ClickHouse query error rate high: reading exception codes 241, 252, and 999

What this means

ClickHouse logs failed queries to system.query_log with type = ‘ExceptionWhileProcessing’ and a numeric exception_code. The FailedQuery counter in system.events increments for each failure. Keep the FailedQuery / Query ratio below 1%. A sustained climb above that threshold signals a systemic issue, not a few bad queries.

The codes that dominate production incidents fall into five classes.

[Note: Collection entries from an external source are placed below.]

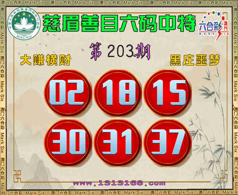 203期:《慈眉善目》 🎯六码中特🎯【02.18.15.30.31.37】开:18
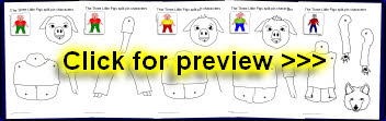 A group of body part sets that can be assembled into Three Little Pigs and Big Bad Wolf characters.
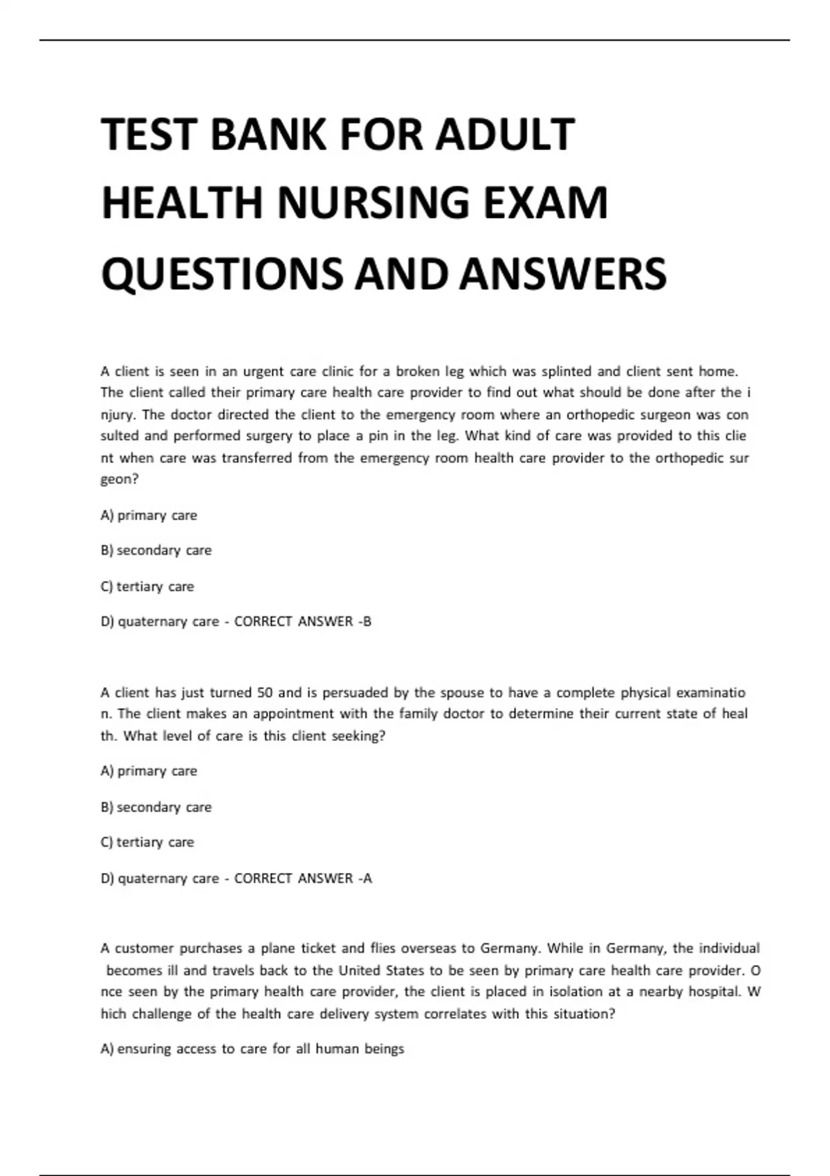 TEST BANK FOR ADULT HEALTH NURSING EXAM QUESTIONS AND ANSWERS

  • 241 MEMORY_LIMIT_EXCEEDED
  • 252 TOO_MANY_PARTS
  • 159 read timeout on distributed queries (shard unavailable)
  • 999 / 210 ZooKeeper or network session errors
  • 60 / 81 schema drift or missing objects
flowchart TD
    A[Query error rate above 1 percent] --> B[Query system.query_log by exception_code]
    B --> C{Code 241}
    B --> D{Code 252}
    B --> E{Code 159}
    B --> F{Code 999 or 210}
    B --> G{Code 60 or 81}
    C --> H[Memory pressure or runaway query]
    D --> I[Merge crisis or too many parts]
    E --> J[Shard unavailable or network timeout]
    F --> K[ZooKeeper session loss or coordination failure]
    G --> L[Schema drift or missing table]

Common causes

CauseWhat it looks likeFirst thing to check
Runaway query or cache evictionCode 241 spike; MemoryTracking near server limitsystem.processes ordered by memory_usage
Merge debt or insert micro-batchingCode 252 spike; insert latency climbs before rejectionssystem.parts per partition; system.events RejectedInserts
Shard unavailable or slow replicaCode 159 spike on distributed tablessystem.replicas absolute_delay and queue_size on target shards
ZooKeeper / Keeper session lossCodes 999/210 spike; replicated tables become readonlysystem.zookeeper_connection is_expired; system.replicas is_session_expired
Schema drift after deployCodes 60/81 spike following a migrationsystem.distributed_ddl_queue status; query text in system.query_log

Quick checks

Run these read-only queries to classify the failure.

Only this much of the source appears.